Laboratorio 2
Libro: La superficie bianca. Il prodotto editoriale tra storie e progetti. L’allestimento in Italia dagli anni venti agli ottanta
Revisioni: 5 novembre, 12 dicembre, 7 gennaio
Lezione 1
Trahit sua quemque voluptas: ognuno deve trovare la propria strada, la propria direzione (Virgilio)
Obiettivo: cercare il bello (Adriano)
C'è sempre una base di casualità nella progettazione.
Finalità: realizzazione prodotto editoriale e la sua estensione come comunicazione legata all’allestimento. Trasposizioni: forma e visione del linguaggio (dobbiamo dare forma ad un linguaggio che appartiene ad un altro campo). La forma finale può essere: pagine, copertina, manifesto, video slow motion.
Opere d’arte tipicamente futuriste
- Libro cancellato di Isgrò: cancella un libro e lo chiama libro cancellato; decide di negare la visibilità della parola.
- Poesia di Man Ray: interpreta la poesia negandola, ovvero non si vede, tutte le parole sono cancellate, si può capire solo il ritmo, le linee cancellate hanno una loro forza.
- Tempo di Totino: sceglie una parola importantissima in ogni campo, la parola tempo, inizialmente la parola è leggibile, poi si capovolge, e sempre più avanti subisce complicazioni finché diventa illeggibile.

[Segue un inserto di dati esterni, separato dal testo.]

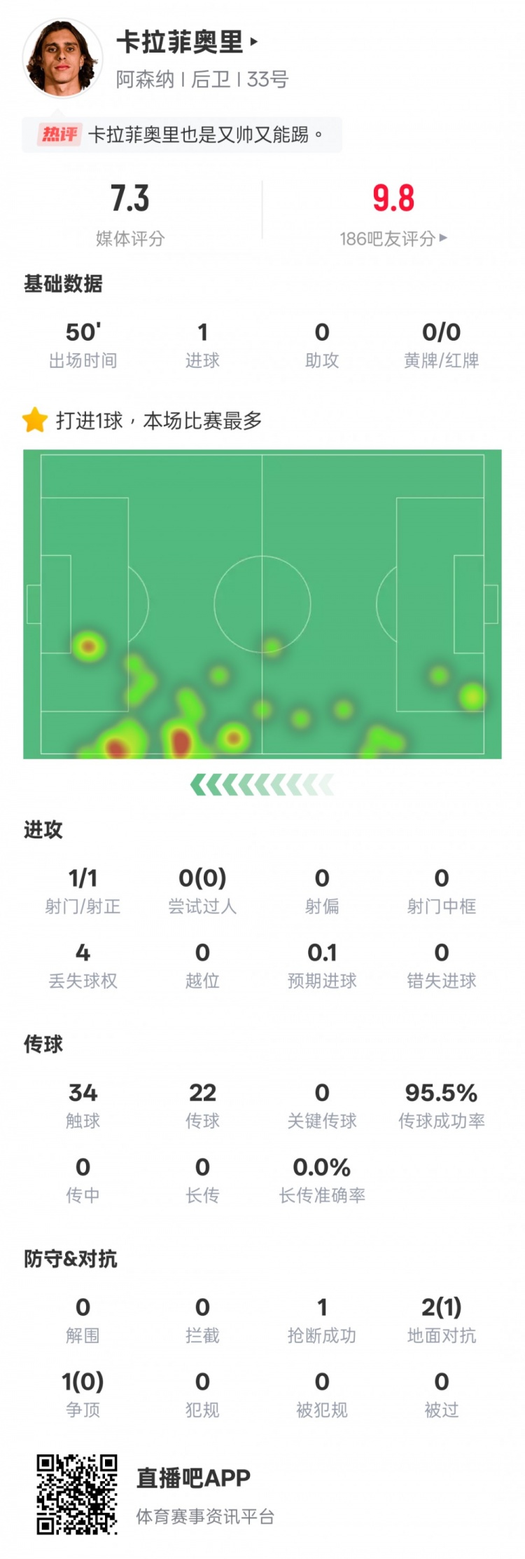 1月26日訊 英超第23輪,阿森納客戰(zhàn)狼隊,卡拉菲奧里替補(bǔ)出戰(zhàn),打進(jìn)制勝進(jìn)球,傳球成功率達(dá)到95.5%,評分7.3。卡拉菲奧里本場數(shù)據(jù):進(jìn)球1助攻0射門1射正1丟失球權(quán)4觸球34傳球22傳球成功率95.5%搶斷1地面對抗2地面對抗成功1爭頂1爭頂成功0 本文標(biāo)簽: 足球 英超 阿森納

È associabile all’esistenza delle persone, inizialmente semplice e poi sempre più complicata.
- Agnetti, libro dimenticato a memoria: il testo è materialmente tagliato col taglierino.

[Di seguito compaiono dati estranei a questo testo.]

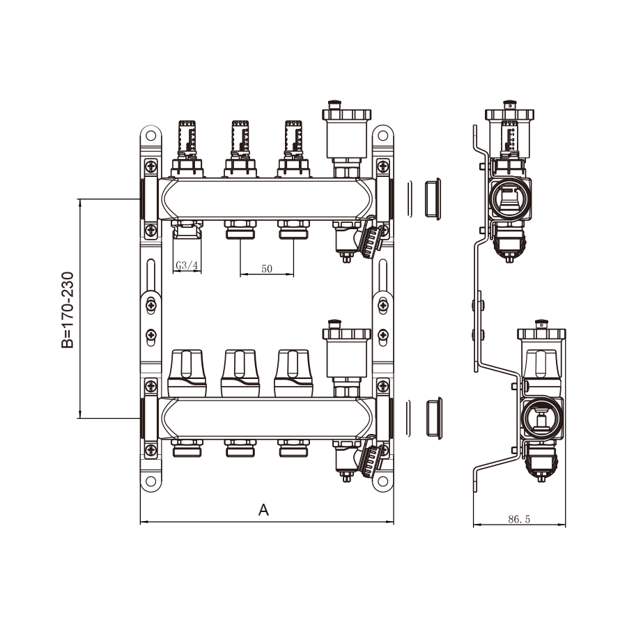 - Подробная комплектация напорный коллектор с запорными вентилями - 1 шт., обратный коллектор с термостатическими вентилями - 1 шт., дренажные клапаны - 2 шт., цельнометаллический кронштейн - 2 шт., заглушки - 2 шт.

- Spoerri: propone un vassoio con calici e avanzi di cibo, incollato in una posizione assurda (in verticale) su una libreria. Spoerri dimostra che ci sono tanti punti di vista, che si possono vedere le cose secondo un’altra angolazione.
Altre opere e artisti
- Massin, la cantatrice chauve: riporta i passaggi dell’opera di Ionesco. Se vengono tolte le scritte, non si capisce nulla; se vengono invece tolte le immagini, l’opera viene comunque compresa.
- Vetta: tradurre/tradire, condurre/condire, sistema compositivo a croce che ci fa capire l’importanza delle lettere.

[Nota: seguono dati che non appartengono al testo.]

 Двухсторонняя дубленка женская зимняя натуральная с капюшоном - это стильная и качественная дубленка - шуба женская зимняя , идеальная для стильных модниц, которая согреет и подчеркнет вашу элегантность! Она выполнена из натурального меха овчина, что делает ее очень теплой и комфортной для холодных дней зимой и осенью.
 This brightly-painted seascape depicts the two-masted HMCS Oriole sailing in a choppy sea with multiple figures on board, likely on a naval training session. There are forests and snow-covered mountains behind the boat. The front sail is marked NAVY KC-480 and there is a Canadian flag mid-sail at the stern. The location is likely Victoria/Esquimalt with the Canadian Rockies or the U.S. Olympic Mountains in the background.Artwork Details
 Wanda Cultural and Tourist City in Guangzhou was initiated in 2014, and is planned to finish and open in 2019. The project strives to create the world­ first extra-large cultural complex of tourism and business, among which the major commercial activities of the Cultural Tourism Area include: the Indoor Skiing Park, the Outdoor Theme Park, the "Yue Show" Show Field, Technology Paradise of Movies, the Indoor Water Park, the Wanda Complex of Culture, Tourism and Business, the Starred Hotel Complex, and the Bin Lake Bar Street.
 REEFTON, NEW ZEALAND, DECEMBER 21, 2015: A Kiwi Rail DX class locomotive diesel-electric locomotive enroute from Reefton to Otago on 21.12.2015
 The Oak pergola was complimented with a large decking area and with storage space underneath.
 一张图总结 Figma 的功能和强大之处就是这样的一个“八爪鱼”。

- Carroll, coda di topo: il lettering della poesia riprende le curvature della coda del topo.
- Mallarmè: anticipa il futurismo mettendo le parole in modo molto innovativo. Il titolo non viene disposto solo su una riga ma su tre pagine diverse.
- Apollinaire, il pleut: la pioggia che cade è descritta nelle parole, ma anche nella posizione del lettering che cade.
Manifesti e progetti
- Ikko, manifesto per un concerto: eleganza nell’uso del lettering, ispirandosi al futurismo italiano.
- Confalonieri: agenda per Tecno in cui si leggono a malapena i giorni nelle pagine, molto simile a fronsoni che lavorava sempre in bianco/nero. Nell’azienda vige il principio "less is more" e quindi Confalonieri lo attua in tale modo.
- Parmiggiani, Silenzio: riprende un libro di storia di critica dell’arte in cui si parla del movimento a cui appartiene anche lui (la neoavanguardia); prende una parola dal testo, la stacca materialmente e la mette da parte.
- Jiang, discover Asia: scritte indecifrabili per noi perché vengono usati ideogrammi orientali.
- Tujula, convenzione sui diritti umani: prende un estratto sui diritti umani e li mette in bilico su una bilancia, perché i diritti umani sono sempre in una posizione precaria, mai definita. Usa il lettering e li rende graficamente in figure geometriche (quadrata e triangolo).
Lezione 2
Massimo Vignelli è razionalità pura: less is more (helvetica, bodoni, garamond).
Fella è irrazionalità, scarabocchi istintivi. Nella rivista non ci sono regole e dogmi, a differenza del libro che è più stabile e logico.
Importante è:
- Decidere il formato e la struttura, vincolati dal tipo di produzione, la finalità, il target e la disponibilità monetaria.
- Decidere logotipo, testo e immagine.
- Decidere il concept della soluzione estetica: artistico o funzionale (cosa vuole dire il grafico). Il concept è la filosofia progettuale che determina gli obiettivi della rivista.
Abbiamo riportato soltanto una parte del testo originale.